# Laser Measuring Device Disto D5



## knowens06 (Jul 9, 2009)

Does anyone out there own a Disto D5? If so, how are you using it to measure the roof? I was under the impression you would just run the laser down the roof seams, but thats not working. There is a pathagarean function, but it doesnt seem like you can use it from the ground. Any suggestions?


----------



## Ed the Roofer (Sep 15, 2008)

They had a video on their site, or Search YouTube for one, if I remember correctly.

Outside measuring with a laser seems to have some pitfalls, but if you find a way to do it accurately, please keep me updated.

Ed


----------



## knowens06 (Jul 9, 2009)

Ya I have seen the videos on youtube, and they werent much help. I got the number to the manufacturer, so hopefully they can help me out. I will let you know how it turns out. Thanks for the links.


----------



## Grumpy (Oct 29, 2008)

An insurane adjuster had something. I don't know the brand but it was pretty darned accurate... accurate enough on a shingle roof for sure.

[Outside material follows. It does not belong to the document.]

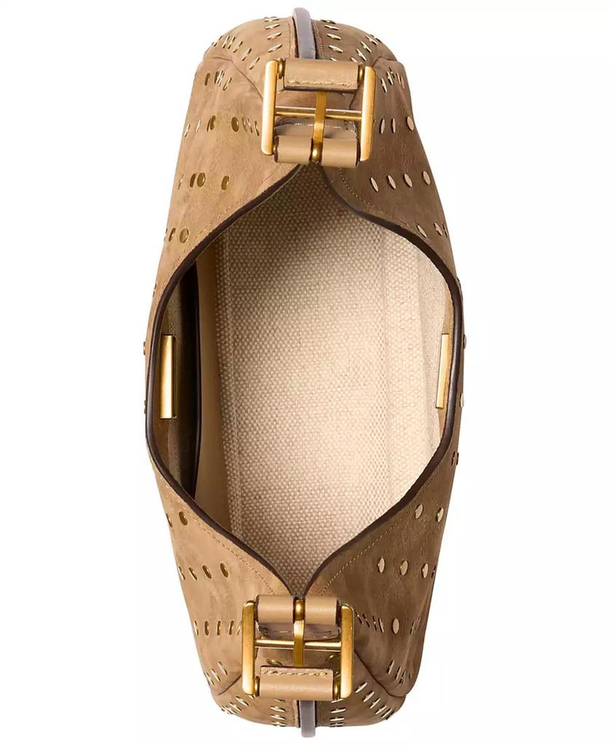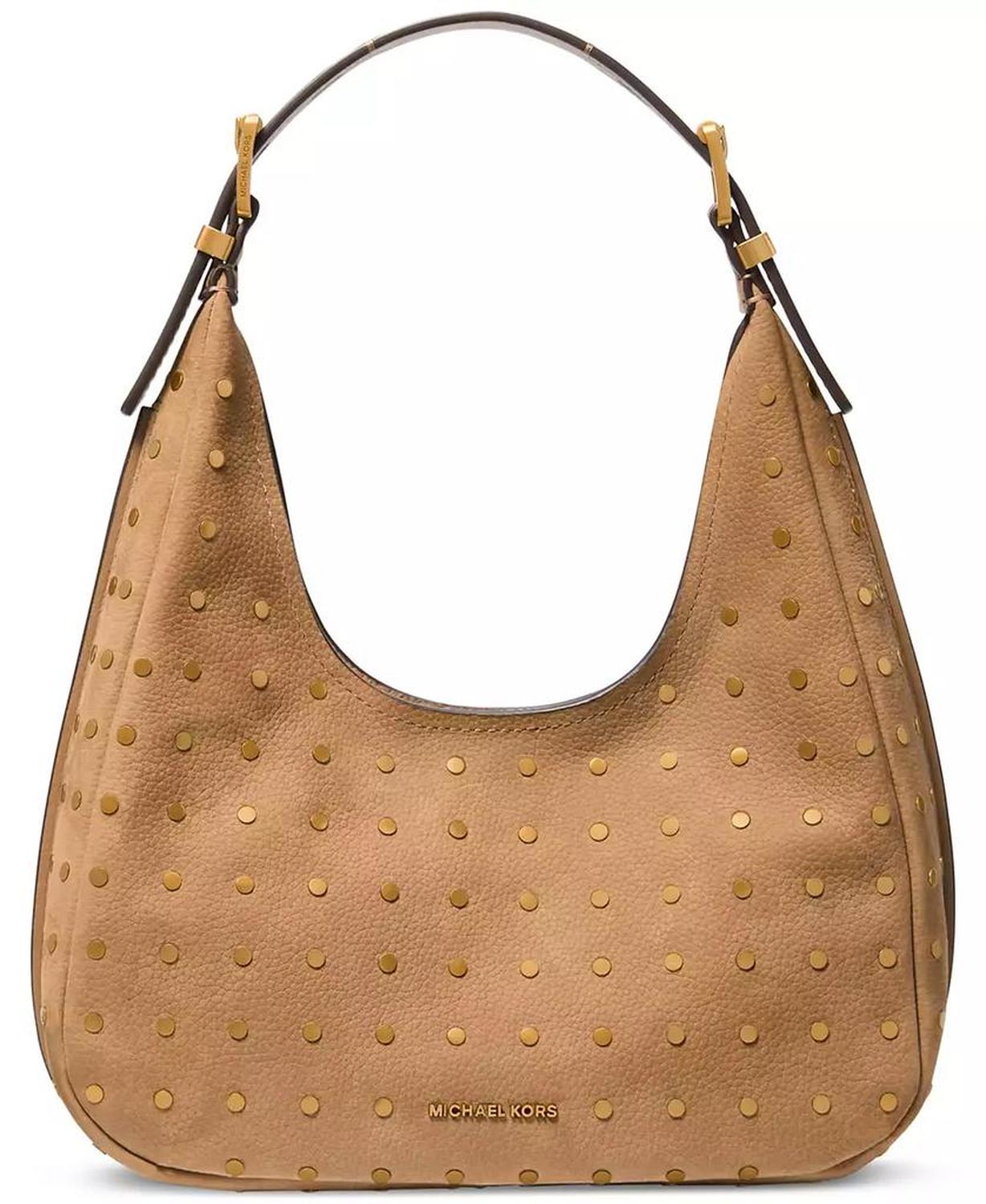 Crafted with pebbled leather embellished with allover rivets, this hobo by MICHAEL Michael Kors is a chic everyday accessory you'll reach for again and again. Small-sized bag; 9-1/2"W x 9-3/4"H x 3-1/4"D (width is measured across the bottom of handbag); 0.75 lbs. approx. weight Silhouette is based off 5'9" model 8-1/2"L handle Magnetic snap closure Gold-tone hardware, logo & allover rivets, interior slip pocket Leather; lining: 55% polyester, 45% linen Spot clean Imported

I have toyed with the idea of getting something similiar. They sell them everywhere. It might make our jobs easier, and might be a waste of money.


----------



## Ed the Roofer (Sep 15, 2008)

I tried out iPhotoMeasure, now re-named as uPhotoMeasure and it took too many set-ups either for the digi-target or a measurement per elevation for a point of reference, but it was accurate.

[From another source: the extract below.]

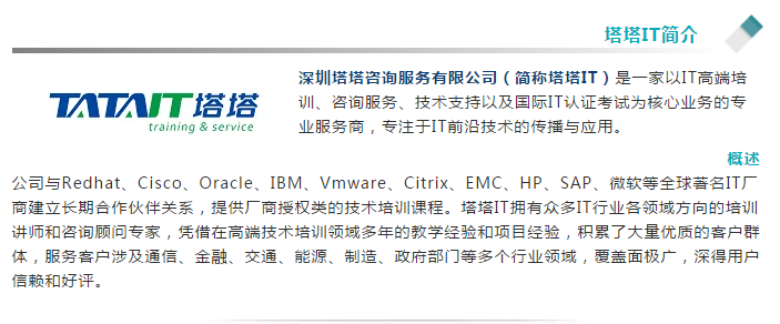 塔塔IT—高端IT培训领导品牌,专注于IT前沿技术的传播与应用。专业创造价值,服务赢得口碑!

Really cool guy who owns the company and marketed it, in case you are interested in that.

You take a photo and use a pre-measured "Digi-Target" in the photo view, or measure any item in the view and note the exact measurements.

Then you use the software and it re-calibrates the other fields that you render on your screen for the final calculations.

There was an informative thread on the JLC Forum a little over 1 to 1 1/2 years ago about measuring roofs with a Disto.

Ed


----------



## Grumpy (Oct 29, 2008)

The one the insurance adjuster had was a hand held laser pointer device. What ever the laser hit, it would tell you how far away that item was. 

Ed what you are describing is very much like what cabinet guys use for custom counter top fabrication.


----------



## Ed the Roofer (Sep 15, 2008)

The Disto D8 might fit the need, but the $ 799.99 price tag is a bit more than a tape measure.

http://www.lasermeasures.org/leica-disto-d8-full-demonstration-video-from-merlin-lazer.html

http://www.distagage.com/compare.html



The Leica DISTO ™ D8 can measure roof lengths, slope angles with two easy measurements. It can also be used to profile land and buildings and obtain average ground angles or offer change in height calculations.



Ed



.


----------



## Ed the Roofer (Sep 15, 2008)

Bump.

I really thought this device could come in handy. The D8 version is what I am referring to.

Ed


----------